1.1. Quelques approches traitant l'humour

En sciences sociales, trois approches classiques ont traité le rire et l’humour : la théorie de la supériorité, la théorie de l’incongruité/incongruence et la théorie du soulagement (amusement).

En premier lieu, selon la théorie de la supériorité, le processus de l’humour donne un sentiment de triomphe soudain, « sudden glory », comme le souligne Hobbes (Hobbes, 1651 [2013]). Par la suite, par rapport à une incompétence ou à un comportement jugé indigne, le rieur se sent supérieur à l’autre (personne/objet) qui est la cible de l’humour. En riant, on communique effectivement des sentiments de mépris, de dénigrement vis-à-vis de l’autre, ce qui pourrait, selon Bergson, avoir un rôle social qui « met l’accent sur le fait que le rire est une correction sociale qui amène les personnes à entrer dans la norme » (Dufort, 2016 : 9).

La théorie de l’incongruité, notre deuxième approche, est plus reliée à la perception de l’humour comme une réponse à une contradiction ou une perturbation de « l’ordre naturel des choses » ou du « su/connu ». L’humour se situe surtout dans un registre cognitif de décalage entre l’acte et l’attendu : « Incongruity theory charges that humour erupts from a sudden disruption in the natural order (a social knowledge, a social relationship, or an emotional state) through recognizing "inconsistency, ambiguity, contradiction and interpretive diversity […] » (Longo, 2010).

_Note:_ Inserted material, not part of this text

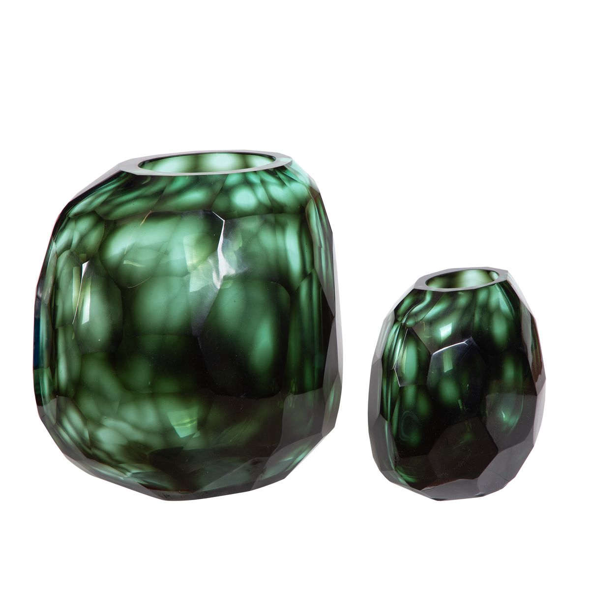ADJR0464, ESMERALD, JARRON GRANDE es una pieza decorativa de presencia sofisticada, definida por su vibrante tonalidad verde profundo que evoca la riqueza de las piedras preciosas. Su diseño de formato bajo y amplio ofrece una silueta sólida y contemporánea, fabricada en vidrio artístico de peso sustancial (más de 3.5 kg). La superficie, trabajada para capturar la luz, resalta la intensidad del color y la pureza del material. Con MEDIDAS 27.94 x 27.94 x 17.78 cm, esta pieza funciona magníficamente como centro de mesa (centerpiece) o acento de lujo en superficies amplias, el color puede variar ligeramente de las fotografías.

Enfin, notre troisième approche, soit la théorie du soulagement (ou de décharge psychologique), repose sur la fonction de l’humour comme « safety valve » qui évacue les

tensions. Cette théorie entend un humour qui permet la réduction des tensions, du stress. Elle est notamment développée par Sigmund Freud en tant que pulsion : « Nous dirions que le rire se déclenche dans le cas où une somme d’énergie psychique, primitivement employée à l’investissement de certaines voies psychiques, a perdu toute utilisation, de telle sorte qu’elle peut se décharger librement » (dans Alemany Dusendschön et al., 2012).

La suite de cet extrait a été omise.